#### Exercise requirements:
Drop the images. Copy every line below character for character.

_ _ _ _

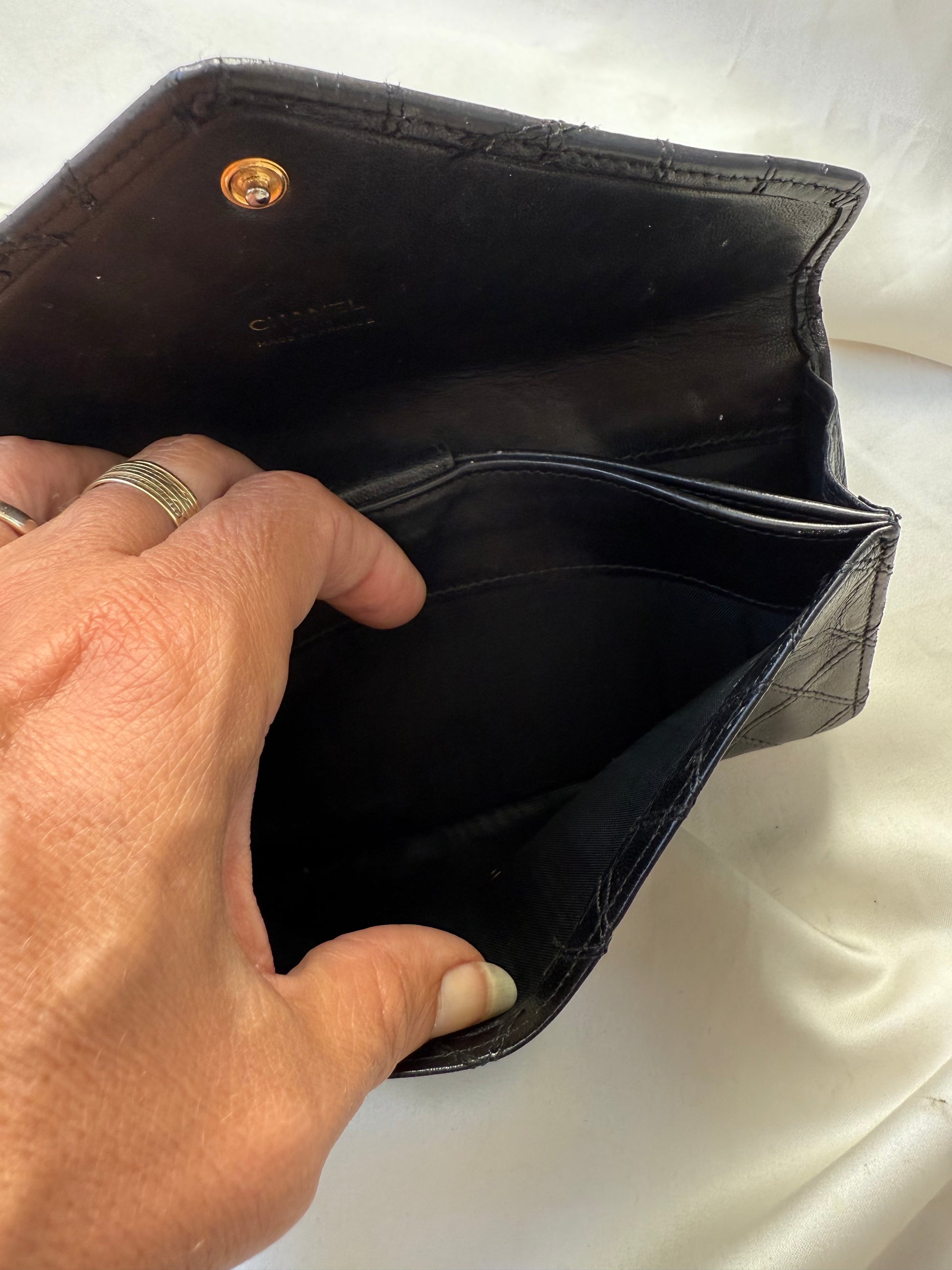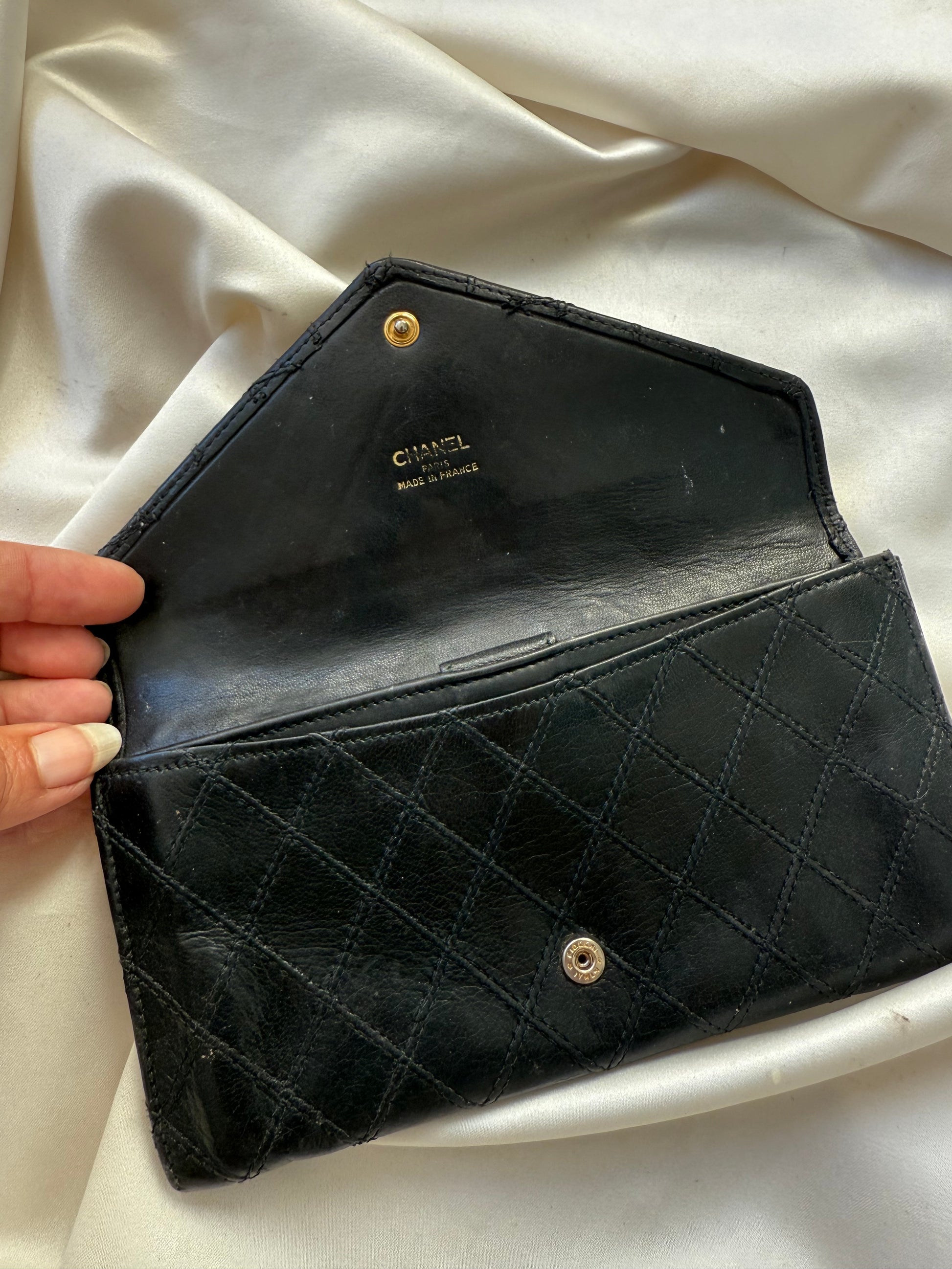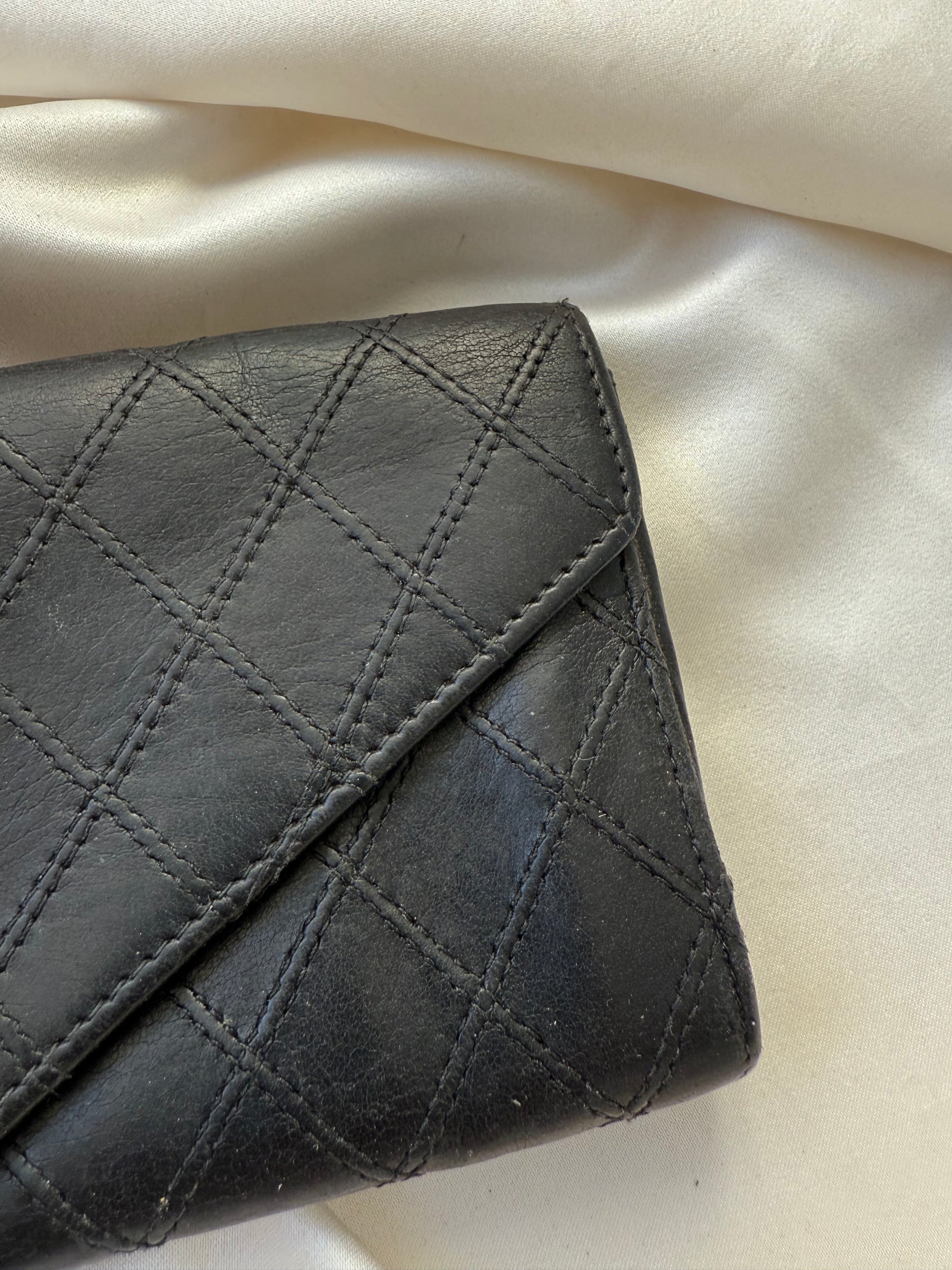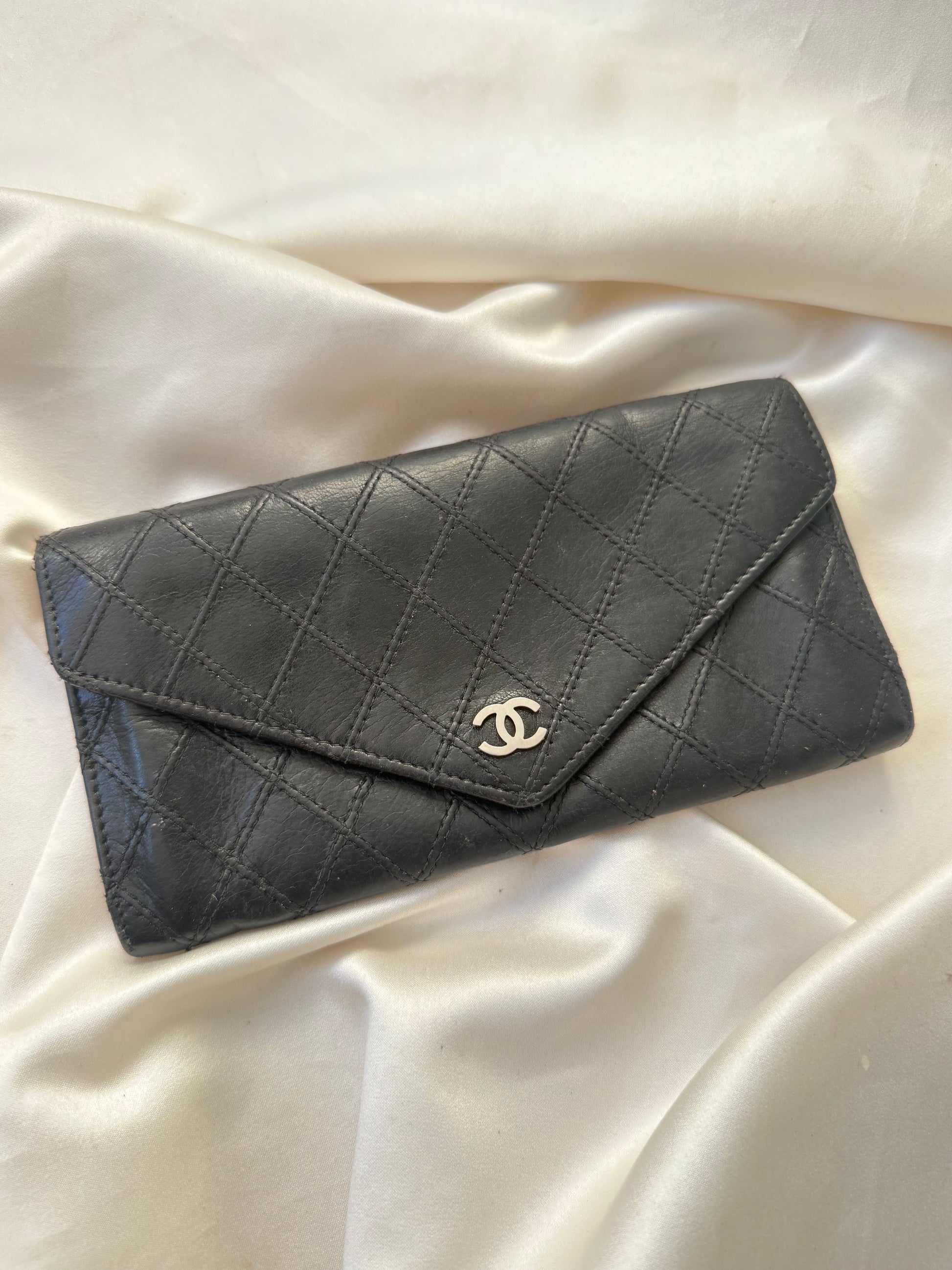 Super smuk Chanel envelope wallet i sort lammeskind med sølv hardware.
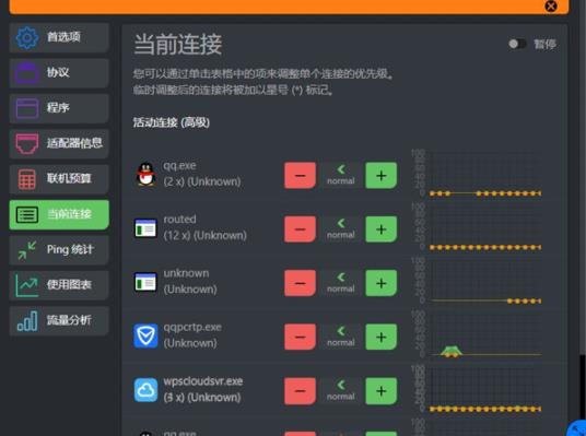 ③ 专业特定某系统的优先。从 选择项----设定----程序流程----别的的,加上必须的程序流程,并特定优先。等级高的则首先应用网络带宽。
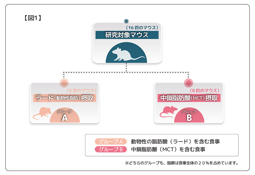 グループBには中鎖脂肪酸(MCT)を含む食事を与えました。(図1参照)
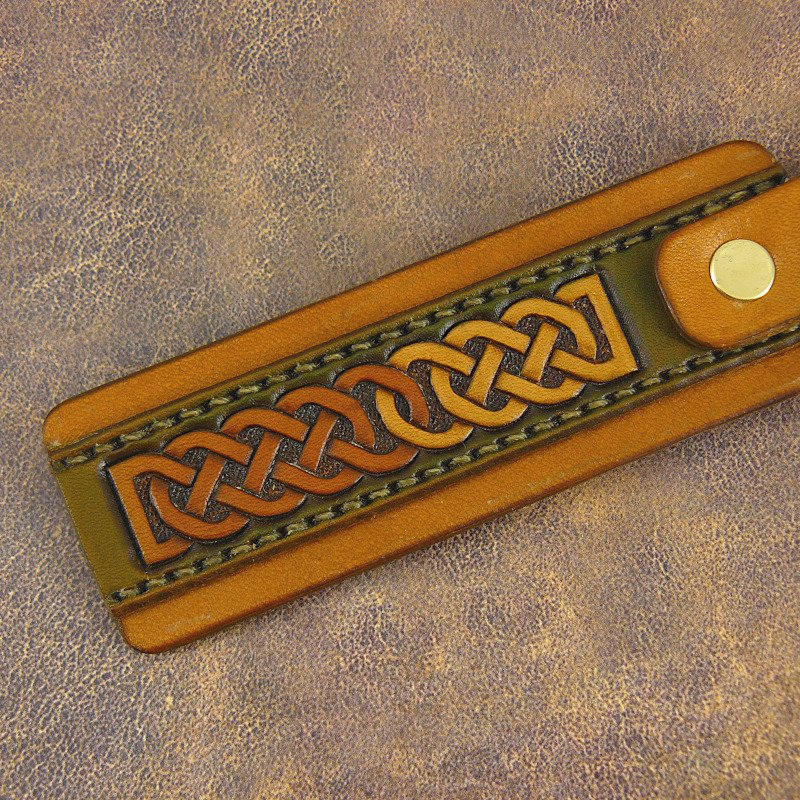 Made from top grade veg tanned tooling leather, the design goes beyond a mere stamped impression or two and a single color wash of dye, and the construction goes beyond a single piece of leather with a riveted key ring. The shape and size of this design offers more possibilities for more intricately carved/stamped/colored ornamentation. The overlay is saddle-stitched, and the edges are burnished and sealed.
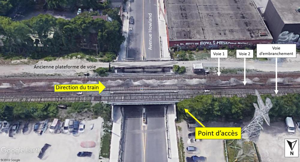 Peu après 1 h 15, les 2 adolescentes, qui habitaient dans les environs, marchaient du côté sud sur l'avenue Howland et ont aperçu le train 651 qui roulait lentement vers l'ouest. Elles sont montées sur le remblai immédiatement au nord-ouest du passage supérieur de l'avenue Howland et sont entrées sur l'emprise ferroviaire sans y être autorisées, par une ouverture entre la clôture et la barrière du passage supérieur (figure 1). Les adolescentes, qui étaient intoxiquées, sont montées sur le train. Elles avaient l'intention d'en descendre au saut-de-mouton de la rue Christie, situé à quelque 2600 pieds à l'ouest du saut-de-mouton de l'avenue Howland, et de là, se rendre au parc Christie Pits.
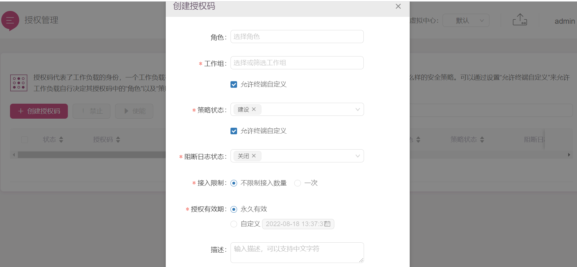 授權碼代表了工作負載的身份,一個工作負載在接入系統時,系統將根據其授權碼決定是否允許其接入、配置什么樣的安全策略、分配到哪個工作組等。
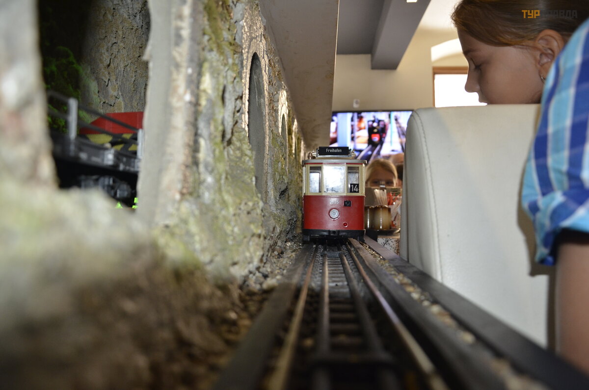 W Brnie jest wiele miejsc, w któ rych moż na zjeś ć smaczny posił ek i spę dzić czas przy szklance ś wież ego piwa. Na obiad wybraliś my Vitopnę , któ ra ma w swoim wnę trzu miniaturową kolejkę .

_ _ _ _

#### Reply to the exercise:
 Super smuk Chanel envelope wallet i sort lammeskind med sølv hardware.
 ③ 专业特定某系统的优先。从 选择项----设定----程序流程----别的的,加上必须的程序流程,并特定优先。等级高的则首先应用网络带宽。
 グループBには中鎖脂肪酸(MCT)を含む食事を与えました。(図1参照)
 Made from top grade veg tanned tooling leather, the design goes beyond a mere stamped impression or two and a single color wash of dye, and the construction goes beyond a single piece of leather with a riveted key ring. The shape and size of this design offers more possibilities for more intricately carved/stamped/colored ornamentation. The overlay is saddle-stitched, and the edges are burnished and sealed.
 Peu après 1 h 15, les 2 adolescentes, qui habitaient dans les environs, marchaient du côté sud sur l'avenue Howland et ont aperçu le train 651 qui roulait lentement vers l'ouest. Elles sont montées sur le remblai immédiatement au nord-ouest du passage supérieur de l'avenue Howland et sont entrées sur l'emprise ferroviaire sans y être autorisées, par une ouverture entre la clôture et la barrière du passage supérieur (figure 1). Les adolescentes, qui étaient intoxiquées, sont montées sur le train. Elles avaient l'intention d'en descendre au saut-de-mouton de la rue Christie, situé à quelque 2600 pieds à l'ouest du saut-de-mouton de l'avenue Howland, et de là, se rendre au parc Christie Pits.
 授權碼代表了工作負載的身份,一個工作負載在接入系統時,系統將根據其授權碼決定是否允許其接入、配置什么樣的安全策略、分配到哪個工作組等。
 W Brnie jest wiele miejsc, w któ rych moż na zjeś ć smaczny posił ek i spę dzić czas przy szklance ś wież ego piwa. Na obiad wybraliś my Vitopnę , któ ra ma w swoim wnę trzu miniaturową kolejkę .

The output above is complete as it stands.